__Recorded data__.
....

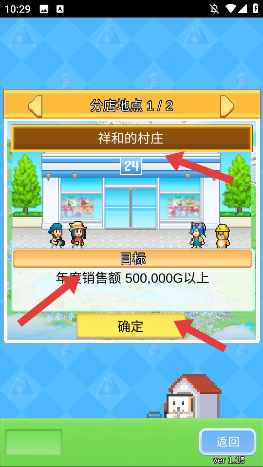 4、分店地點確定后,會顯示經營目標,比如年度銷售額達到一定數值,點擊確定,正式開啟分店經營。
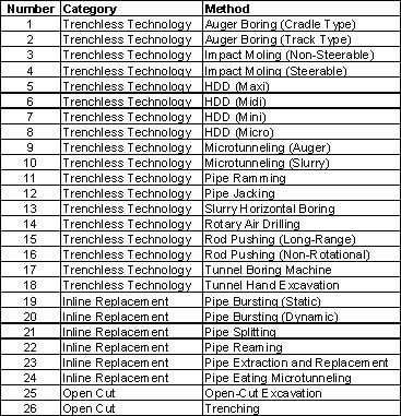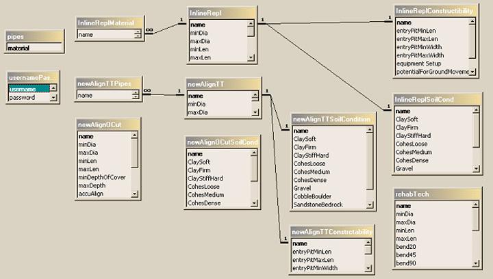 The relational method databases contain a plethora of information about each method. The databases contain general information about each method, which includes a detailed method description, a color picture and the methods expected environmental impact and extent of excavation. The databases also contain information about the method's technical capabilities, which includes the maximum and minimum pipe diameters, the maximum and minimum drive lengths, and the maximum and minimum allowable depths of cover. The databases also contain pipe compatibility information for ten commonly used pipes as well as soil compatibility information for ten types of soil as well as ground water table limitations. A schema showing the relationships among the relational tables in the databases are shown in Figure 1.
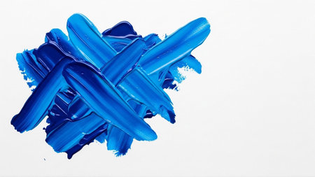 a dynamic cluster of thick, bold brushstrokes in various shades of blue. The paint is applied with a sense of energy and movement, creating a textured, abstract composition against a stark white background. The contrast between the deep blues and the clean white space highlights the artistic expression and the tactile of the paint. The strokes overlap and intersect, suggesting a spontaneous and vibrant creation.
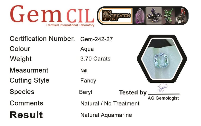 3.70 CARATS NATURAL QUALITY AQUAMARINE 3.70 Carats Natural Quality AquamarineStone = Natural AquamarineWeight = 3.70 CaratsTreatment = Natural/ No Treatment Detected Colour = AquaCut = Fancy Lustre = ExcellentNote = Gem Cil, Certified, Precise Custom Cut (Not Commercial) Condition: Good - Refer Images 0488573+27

....

__The problem__. Begin at the first line of the material and copy each line exactly through the one containing "The relational method". Omit pictures.

__Response for this exercise__.
 4、分店地點確定后,會顯示經營目標,比如年度銷售額達到一定數值,點擊確定,正式開啟分店經營。
 The relational method databases contain a plethora of information about each method. The databases contain general information about each method, which includes a detailed method description, a color picture and the methods expected environmental impact and extent of excavation. The databases also contain information about the method's technical capabilities, which includes the maximum and minimum pipe diameters, the maximum and minimum drive lengths, and the maximum and minimum allowable depths of cover. The databases also contain pipe compatibility information for ten commonly used pipes as well as soil compatibility information for ten types of soil as well as ground water table limitations. A schema showing the relationships among the relational tables in the databases are shown in Figure 1.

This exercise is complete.